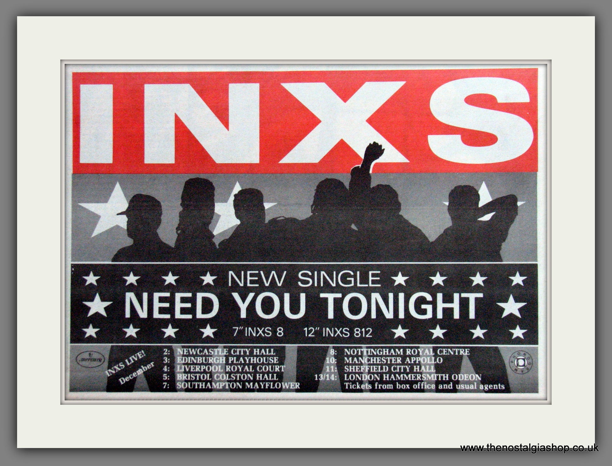 INXS Need You Tonight, Also UK Dates. Classic Original advert 1987. Presented and Supplied in a cream bevel cut mount with backing card and clear bag. Ready to fit in 14 x 11 inch frame. All our adverts, unless clearly stated are Originals from the date shown. They make excellent pieces of wall art and stunning gifts. Many are rare and hard to find and once sold, may not be replaced. Remember you are buying a piece of history. Website watermark is not on original.
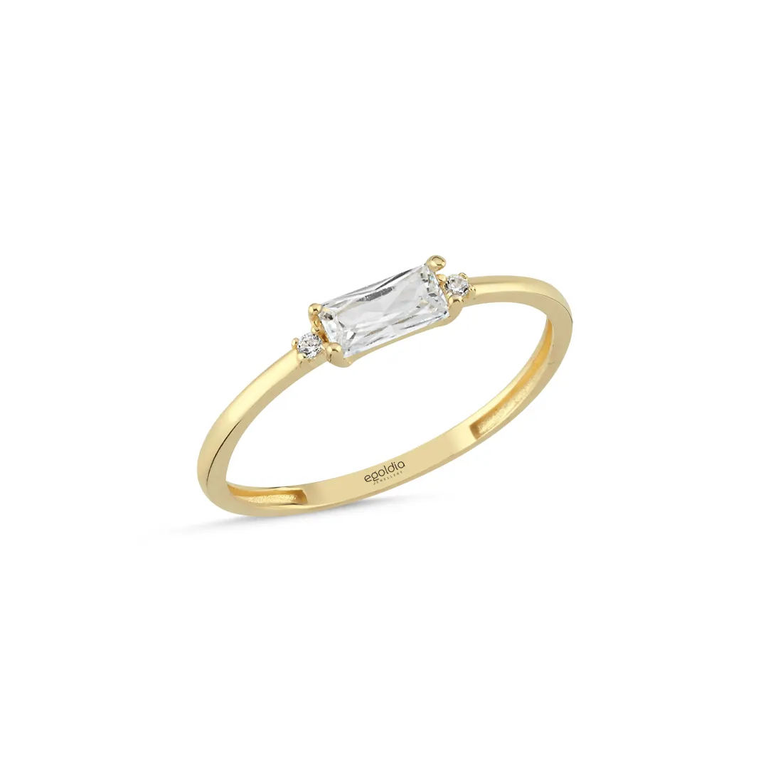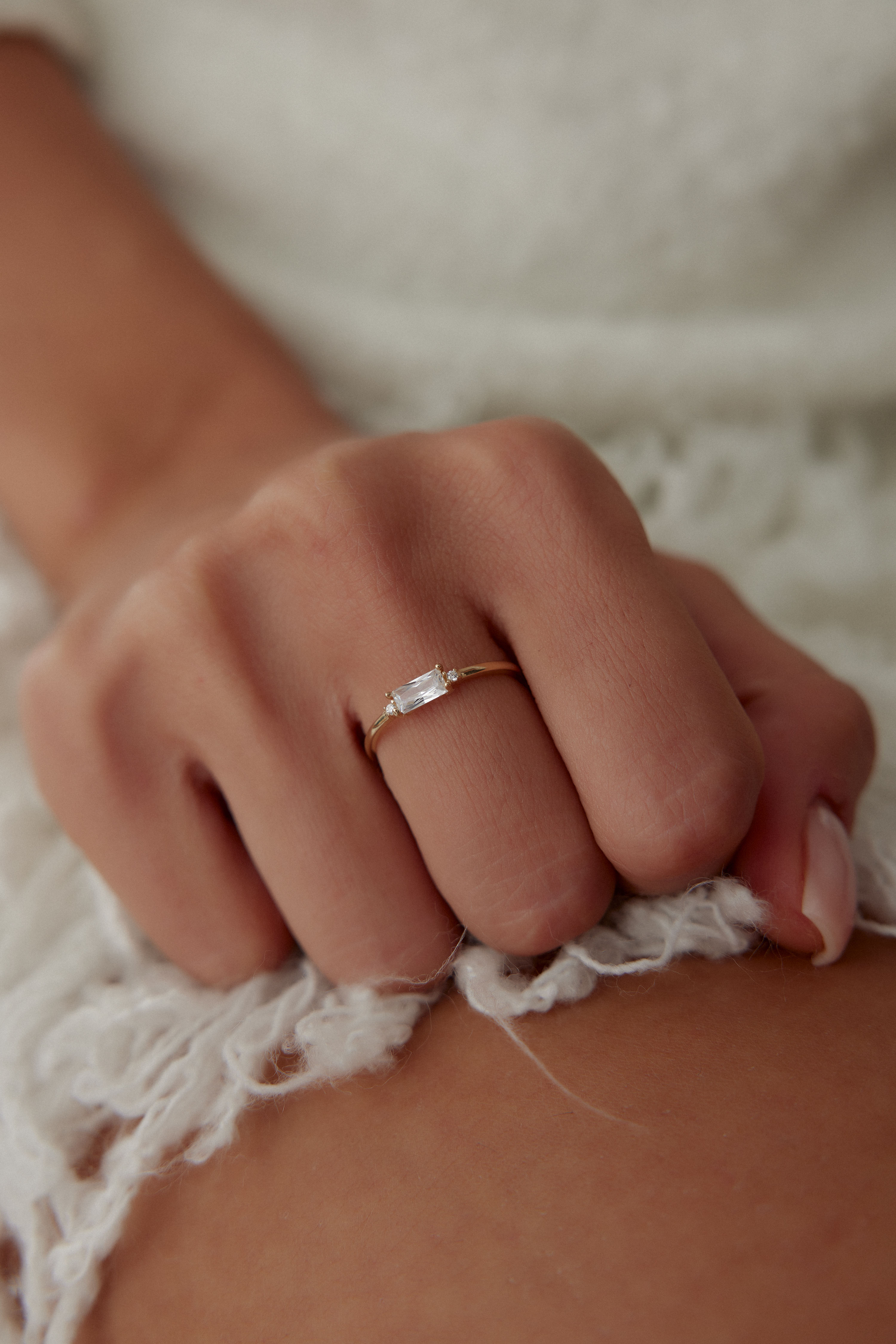 Sekizgen Beyaz Mavi Taşlı Yüzük
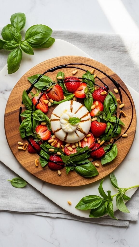 3. Gourmet Strawberry Balsamic Salads That Impress Foodies: Burrata, Basil & Toasted Pine Nut Salad
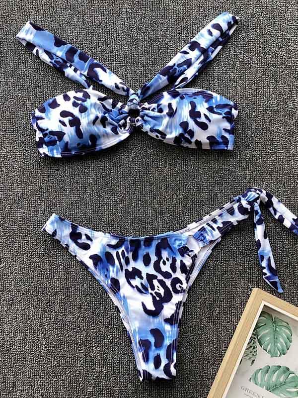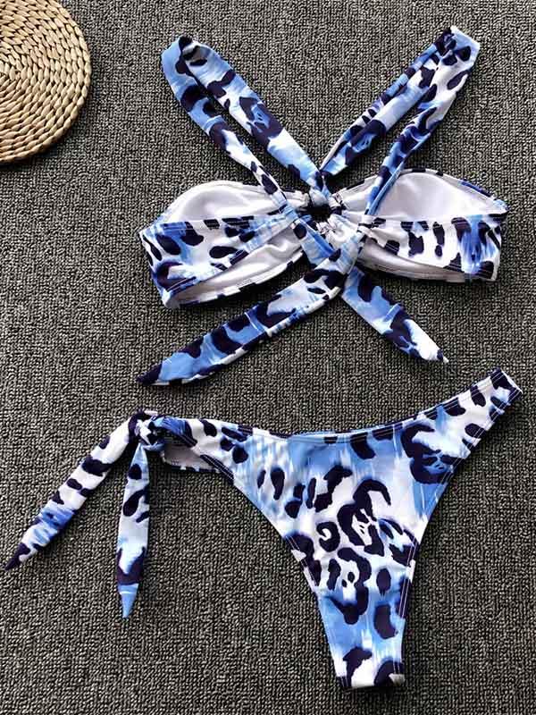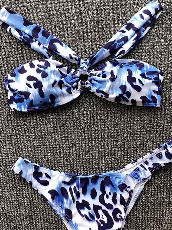 Blue Leopard Knot Bikini Set
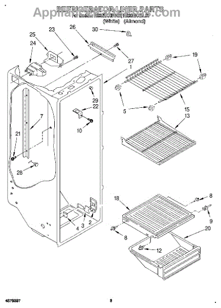 The Air Diffuser Assembly is an OEM part for Whirlpool refrigerators. It regulates the airflow between the refrigerator and freezer compartments, ensuring the proper distribution of cold air to maintain the desired temperatures in both sections.
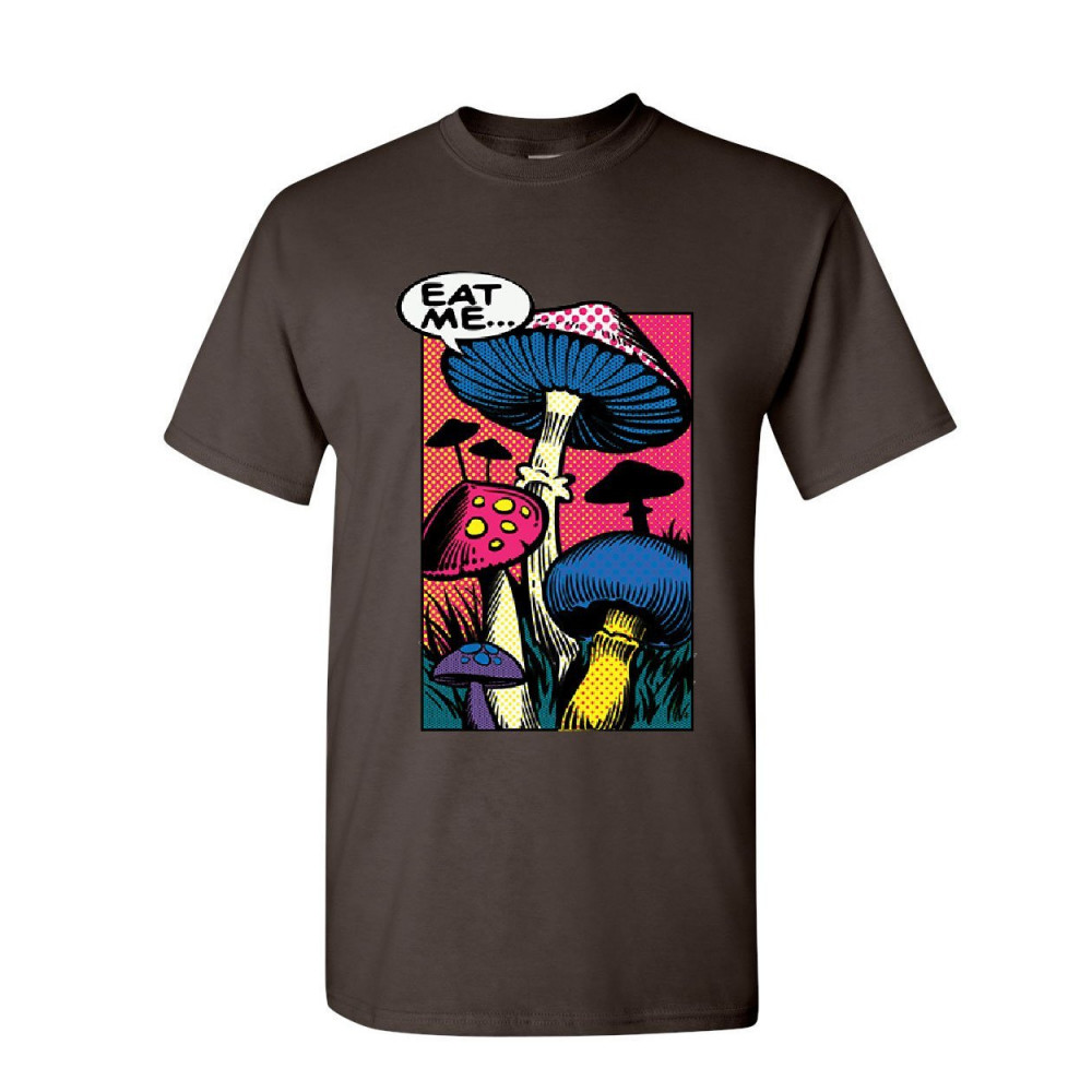 EAT ME... eat me t-shirt shroom mushroom fungi psychedelic hallucinations mens tee shirt brown
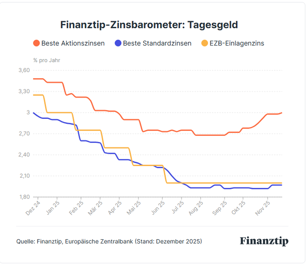 Nächste Woche steht die nächste EZB-Sitzung an – und aktuell sieht alles danach aus, dass der Leitzins für Einlagen erneut bei 2,0 % bleibt. Trotzdem sind in den letzten Wochen vor allem die Aktionszinsen beim Tagesgeld gestiegen:
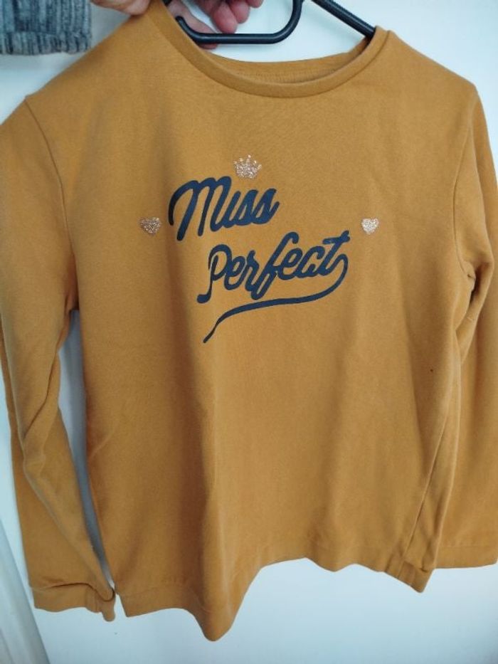 #kytie12ansfille. Sweat manches longues taille 12 ans moutarde mi saison intérieur en fil comme neuf Vertbaudet réf VE89
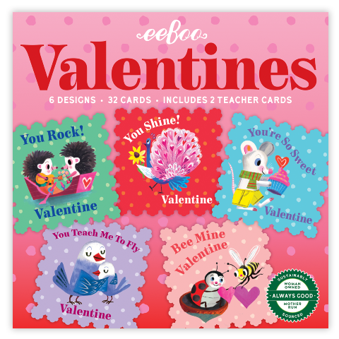 The pack contains 32 Valentines, including 2 teacher cards. There are 6 different designs on the front, and a decorated back to address your well-wishes.
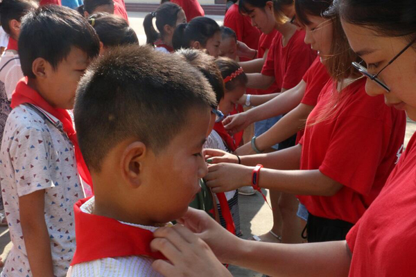 升旗仪式的第一项便是要佩戴红领巾,这也是此次升旗仪式最具特色的项目。队员们教给孩子们佩戴红领巾的正确方法,然后再由高年级同学为低年级的同学进行佩戴。佩戴上红领巾的孩子们一个个笑靥如花,鲜红明亮的红领巾在清晨阳光的照耀下显得格外鲜艳美丽,它飘扬在孩子们的胸前,象征着祖国的希望与未来。
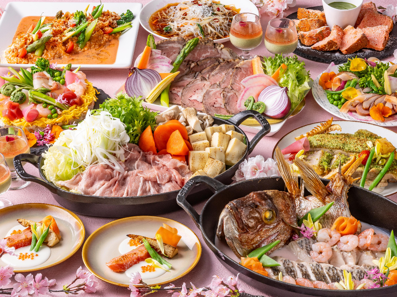 - 春の訪れを楽しむ、彩り豊かなランチブッフェ 桜エビや春キャベツ、山菜など、春ならではの食材で、見た目にも華やかな春らしいメニューをご用意しました。春の庭園を歩くような色とりどりの美味をご堪能ください。
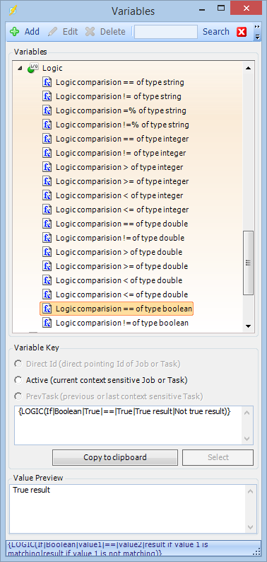 We would like to have a Boolean variable type added (currently only String, Int32 and Double). At the moment we are using a String and then checking against the value 'True' but that is not ideal.
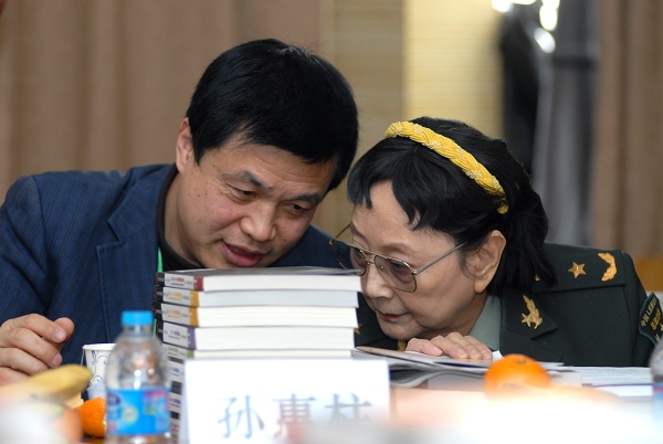 著名表演艺术家王晓棠将军与上海戏剧学院副院长孙惠柱交谈
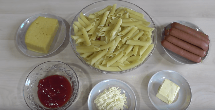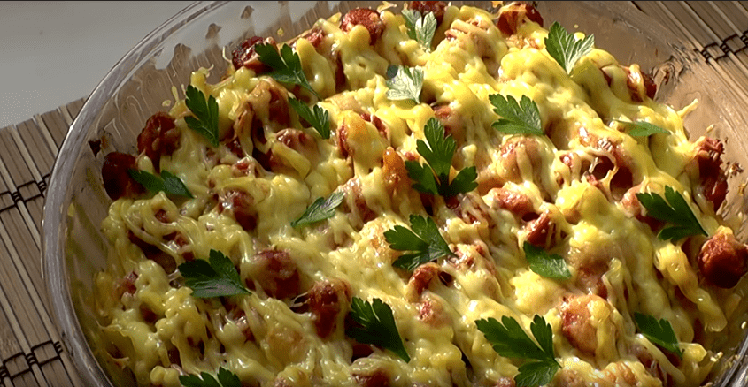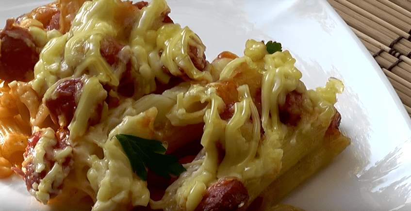 Такой рецепт очень часто называют «ленивой запеканкой». Он идеально подходит в том случае, если у вас остались с обеда сваренные макароны, а в холодильнике уже давно лежит кусок колбасы или сосиски.
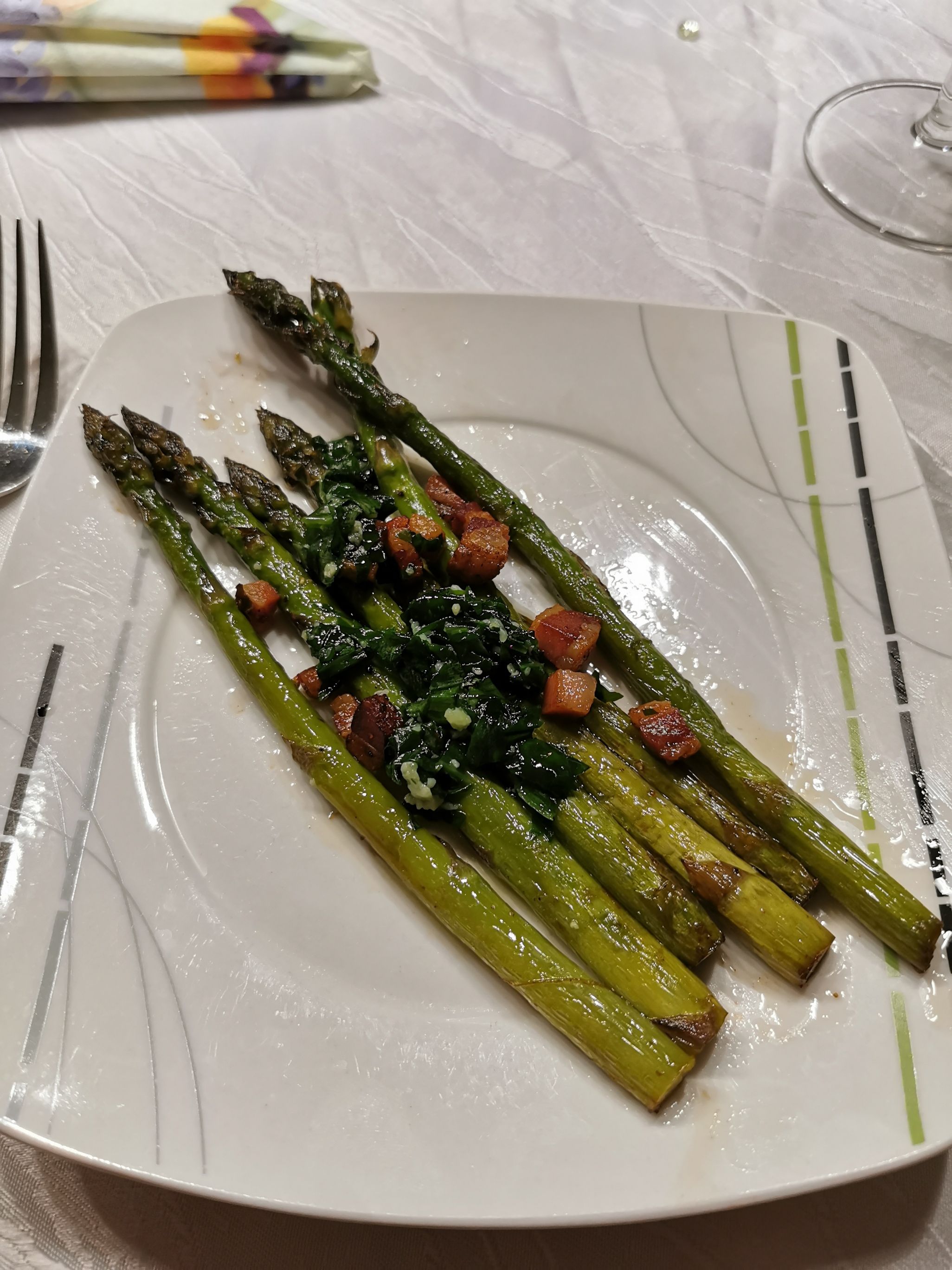 Im Bild zu sehen sind Spargeln mit Bärlauch Topping, eine hervorragende Kombo um leber zu unterstützen und die Körperfettreduktion zu beschleunigen.
════
• **Problem statement**: Transcription of the lines from the one with "升旗仪式的第一项便是要佩戴红" through the end of the entries is required, exact and with no pictures.

• **Solution**:
 升旗仪式的第一项便是要佩戴红领巾,这也是此次升旗仪式最具特色的项目。队员们教给孩子们佩戴红领巾的正确方法,然后再由高年级同学为低年级的同学进行佩戴。佩戴上红领巾的孩子们一个个笑靥如花,鲜红明亮的红领巾在清晨阳光的照耀下显得格外鲜艳美丽,它飘扬在孩子们的胸前,象征着祖国的希望与未来。
 - 春の訪れを楽しむ、彩り豊かなランチブッフェ 桜エビや春キャベツ、山菜など、春ならではの食材で、見た目にも華やかな春らしいメニューをご用意しました。春の庭園を歩くような色とりどりの美味をご堪能ください。
 We would like to have a Boolean variable type added (currently only String, Int32 and Double). At the moment we are using a String and then checking against the value 'True' but that is not ideal.
 著名表演艺术家王晓棠将军与上海戏剧学院副院长孙惠柱交谈
 Такой рецепт очень часто называют «ленивой запеканкой». Он идеально подходит в том случае, если у вас остались с обеда сваренные макароны, а в холодильнике уже давно лежит кусок колбасы или сосиски.
 Im Bild zu sehen sind Spargeln mit Bärlauch Topping, eine hervorragende Kombo um leber zu unterstützen und die Körperfettreduktion zu beschleunigen.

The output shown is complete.